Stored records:
>>

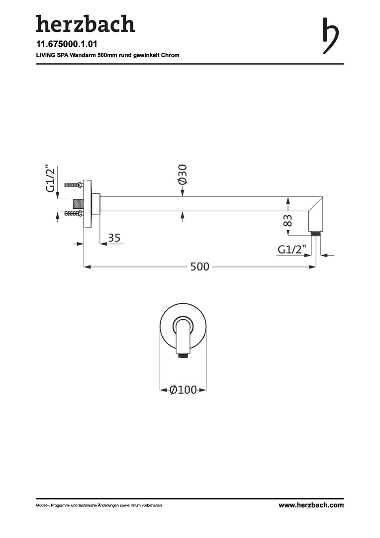 Herzbach Wandarm Living Spa round 500 mm mit Flanschbefestigung, für Regenbrause, 1/2" HF11675000101
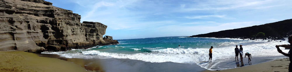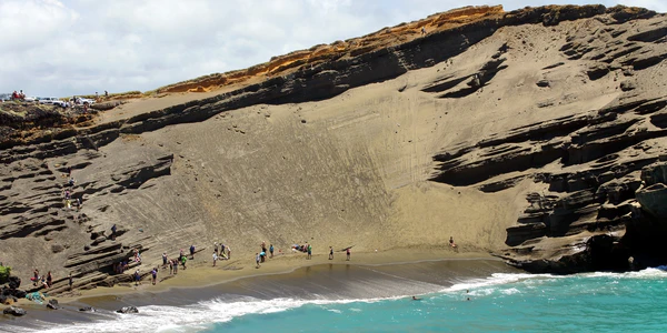 На юге острова Гавайи постоянно дуют сильные ветры, поэтому дорога к пляжу тяжёлая, (если идти против ветра) из-за солнца и летящего песка (ветровая эрозия).
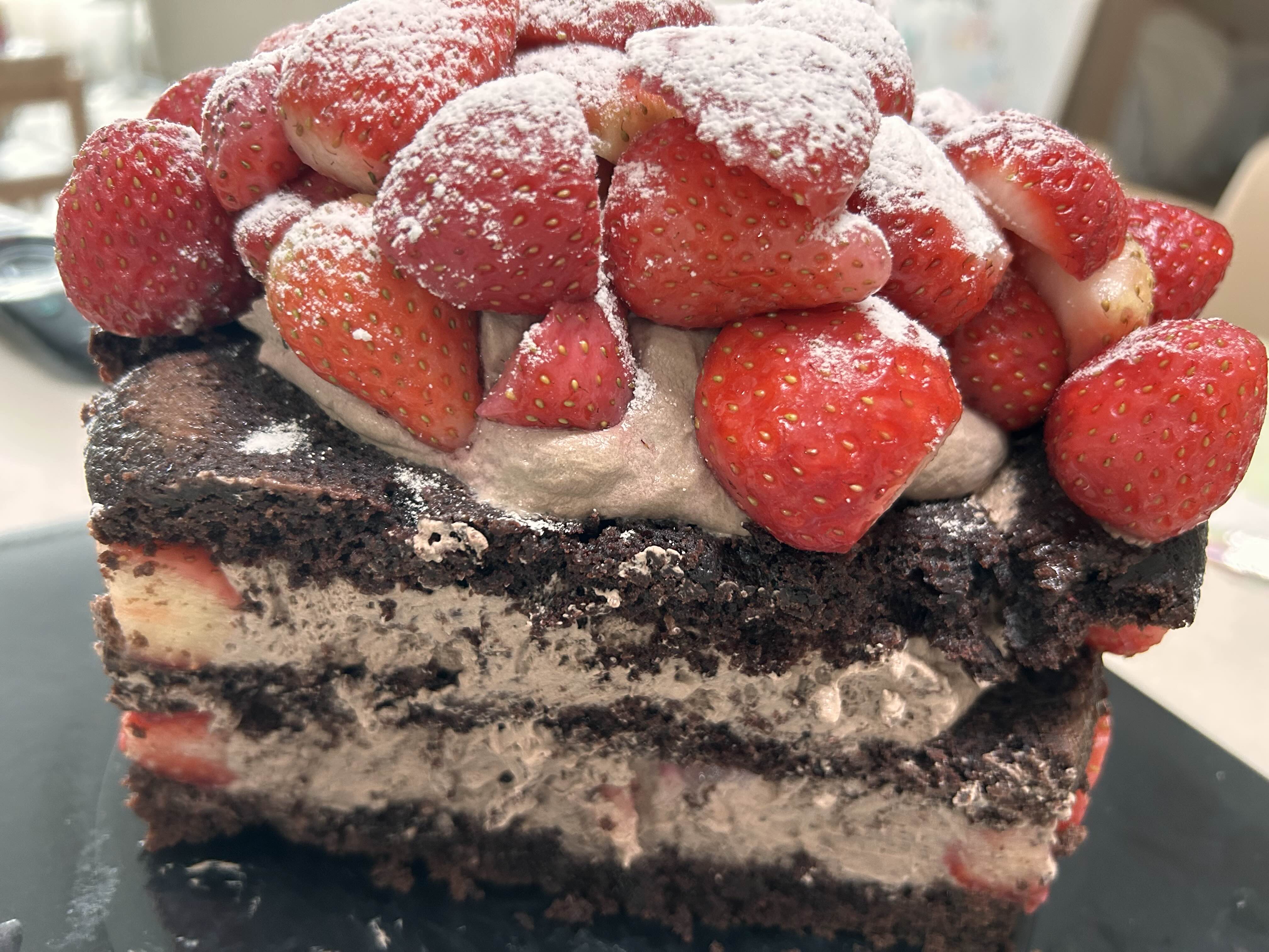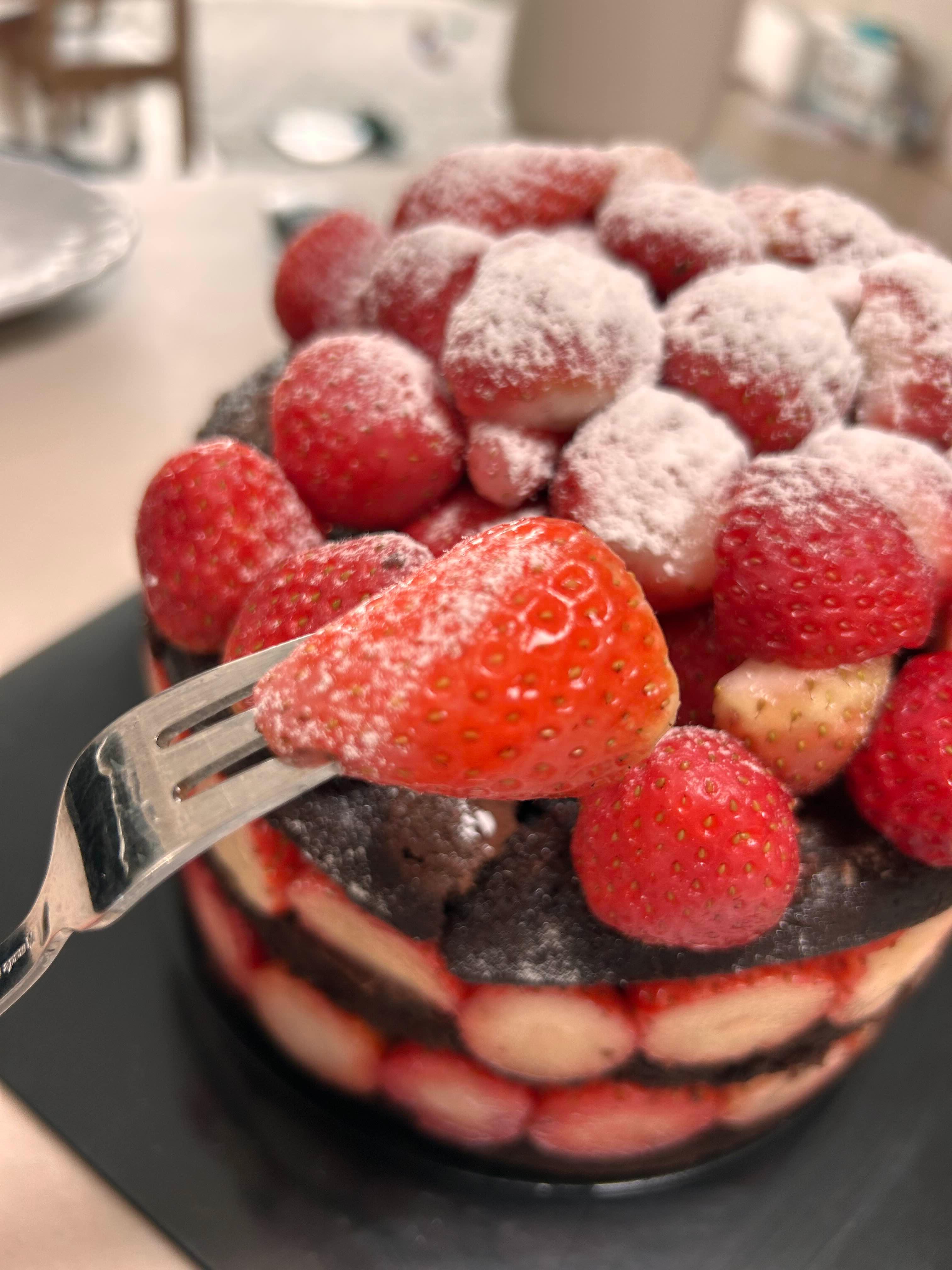 결국, 자르지는 못하고 가장자리 위에 놓인 딸기부터 조금씩 먹어봅니다. 달콤하고 상큼! 딸기아래쪽에는 초코크림으로 고정되어 있고요. 안쪽의 빵은 브라우니예요. 꾸덕하고 힘 있는 브라우니덕에 딸기의 무게를 버텨주는 것 같았어요.
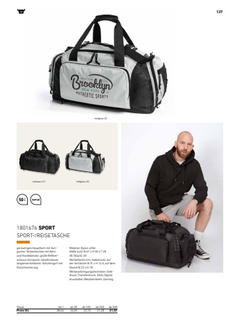 50 l1371801676 SPORTSt%u00fcck: ab 1 ab 50 ab 100 ab 250 ab 500Preis (%u20ac): 28,64 24,35 22,10 21,28 21,07SPORT-/REISETASCHEger%u00e4umiges Hauptfach mit Zurrgurten; Seitentaschen mit Netzund Kordelbesatz; gro%u00dfe Rei%u00dfverschluss-Vortasche; abnehmbarer, l%u00e4ngenverstellbarer Schultergurt mit RutschsicherungMaterial: Nylon 420dMa%u00dfe (cm): B 57 x H 30 x T 28VE (St%u00fcck): 20Werbefl%u00e4che (cm, Siebdruck): auf der Vortasche B 31 x H 14,5; auf dem Deckel B 22 x H 18Werbeanbringungstechniken: Siebdruck; Transferdruck; Stick; Digitaldrucklabel; Metallemblem; Domingschwarz (1) hellgrau (2)hellgrau (2)
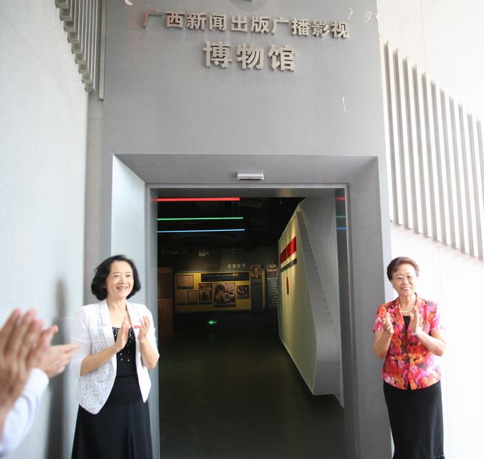 张虹局长与自治区政府参事于瑮共同为广西新闻出版广播影视博物馆揭牌。
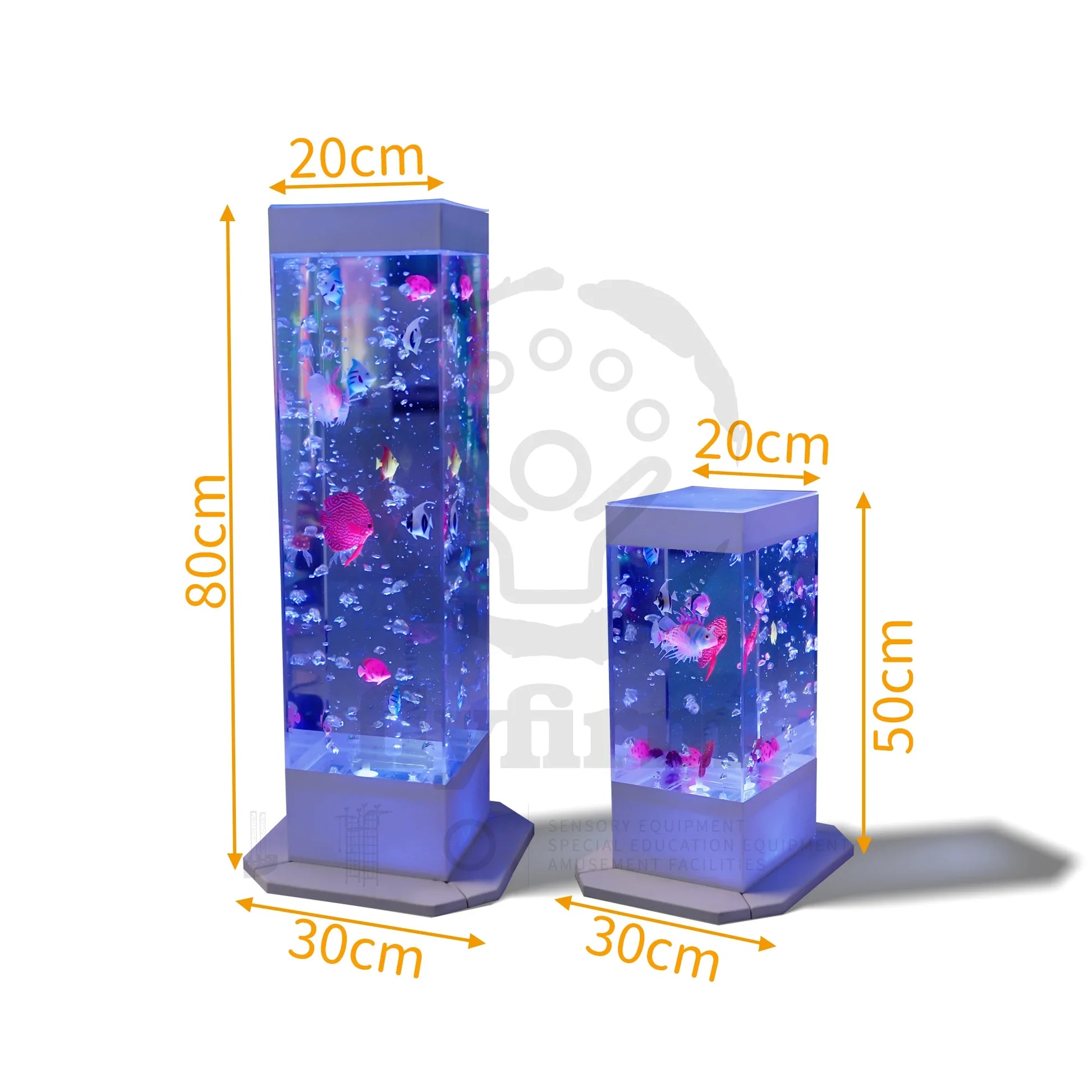 Our Bubble Fish Tank with LED Lights is designed for sensory rooms, relaxation spaces, and therapy environments, specifically to support autism therapy and mental relaxation. Available in two sizes, 20x20x50cm and 20x20x80cm, this sleek and modern aquarium offers a calming, visually stimulating experience that soothes the mind and enhances focus.

<<

• GOAL OF THE EXERCISE: Whatever lies between the first line of the data and the line holding "张虹局长与自治区政府参事于瑮共同为广西新闻出版广播影视博物馆揭牌。", inclusive, should be repeated exactly, apart from the pictures.

• RESULT OF THE EXERCISE:
 Herzbach Wandarm Living Spa round 500 mm mit Flanschbefestigung, für Regenbrause, 1/2" HF11675000101
 На юге острова Гавайи постоянно дуют сильные ветры, поэтому дорога к пляжу тяжёлая, (если идти против ветра) из-за солнца и летящего песка (ветровая эрозия).
 결국, 자르지는 못하고 가장자리 위에 놓인 딸기부터 조금씩 먹어봅니다. 달콤하고 상큼! 딸기아래쪽에는 초코크림으로 고정되어 있고요. 안쪽의 빵은 브라우니예요. 꾸덕하고 힘 있는 브라우니덕에 딸기의 무게를 버텨주는 것 같았어요.
 50 l1371801676 SPORTSt%u00fcck: ab 1 ab 50 ab 100 ab 250 ab 500Preis (%u20ac): 28,64 24,35 22,10 21,28 21,07SPORT-/REISETASCHEger%u00e4umiges Hauptfach mit Zurrgurten; Seitentaschen mit Netzund Kordelbesatz; gro%u00dfe Rei%u00dfverschluss-Vortasche; abnehmbarer, l%u00e4ngenverstellbarer Schultergurt mit RutschsicherungMaterial: Nylon 420dMa%u00dfe (cm): B 57 x H 30 x T 28VE (St%u00fcck): 20Werbefl%u00e4che (cm, Siebdruck): auf der Vortasche B 31 x H 14,5; auf dem Deckel B 22 x H 18Werbeanbringungstechniken: Siebdruck; Transferdruck; Stick; Digitaldrucklabel; Metallemblem; Domingschwarz (1) hellgrau (2)hellgrau (2)
 张虹局长与自治区政府参事于瑮共同为广西新闻出版广播影视博物馆揭牌。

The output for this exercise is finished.